Es importante, además, que las relaciones entre la Iglesia y los Cantones se desarrollen tranquilamente. Su riqueza reside en la colaboración particular, así como en la indicación de los valores evangélicos en la vida de la sociedad y en las opciones cívicas. Sin embargo, la particularidad de estas relaciones ha requerido una reflexión, iniciada hace algunos años, para conservar la diversidad de las funciones de los organismos y de las estructuras de la Iglesia católica. El Vademécum, que se aplica actualmente, es otro paso en el camino de la claridad y de la comprensión. Aunque las modalidades de aplicación varían según las diócesis, un trabajo común os ayudará a colaborar mejor con las instituciones cantonales. Cuando la Iglesia evita depender de las instituciones que, a través de medios económicos, pueden imponer un estilo de vida poco coherente con Cristo, que se hizo pobre, hace más visible el Evangelio en sus propias estructuras.

Queridos hermanos: la Iglesia proviene de Pentecostés.

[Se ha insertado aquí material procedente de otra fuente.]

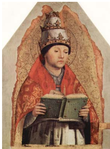
Fig. 2 ANTONELLO DA MESSINA, San Gregorio Magno (c. 1472-73), Palermo, Palazzo Abatellis

En el momento de Pentecostés, los Apóstoles salieron y se pusieron a hablar en todas las lenguas, pudiendo manifestar así a todos los hombres, a través de la fuerza del Espíritu Santo, su fe viva en Cristo resucitado. El Redentor nos invita siempre de nuevo a predicar el Evangelio a todos. Es necesario anunciar la buena nueva, no plegarse a las fantasías de los hombres. Muchas veces nos cansamos de responder, sin darnos cuenta de que nuestros interlocutores no buscan respuestas. Es necesario anunciar, ir adelante, plantear interrogantes con la visión apostólica jamás superada: «A este Jesús Dios le resucitó, de lo cual todos nosotros somos testigos» (Hch 2, 32).

Asegurándoos mi oración por vosotros, por vuestros sacerdotes y por vuestros diocesanos, os deseo que cultivéis con celo y paciencia el campo de Dios, conservando la pasión por la verdad, y os animo a ir adelante todos juntos. Encomendando el futuro de la evangelización en vuestro país a la Virgen María y a la intercesión de san Nicolás de Flüe, de san Mauricio y de sus compañeros, os imparto de todo corazón la bendición apostólica, y os pido fraternalmente que no os olvidéis de rezar por mí.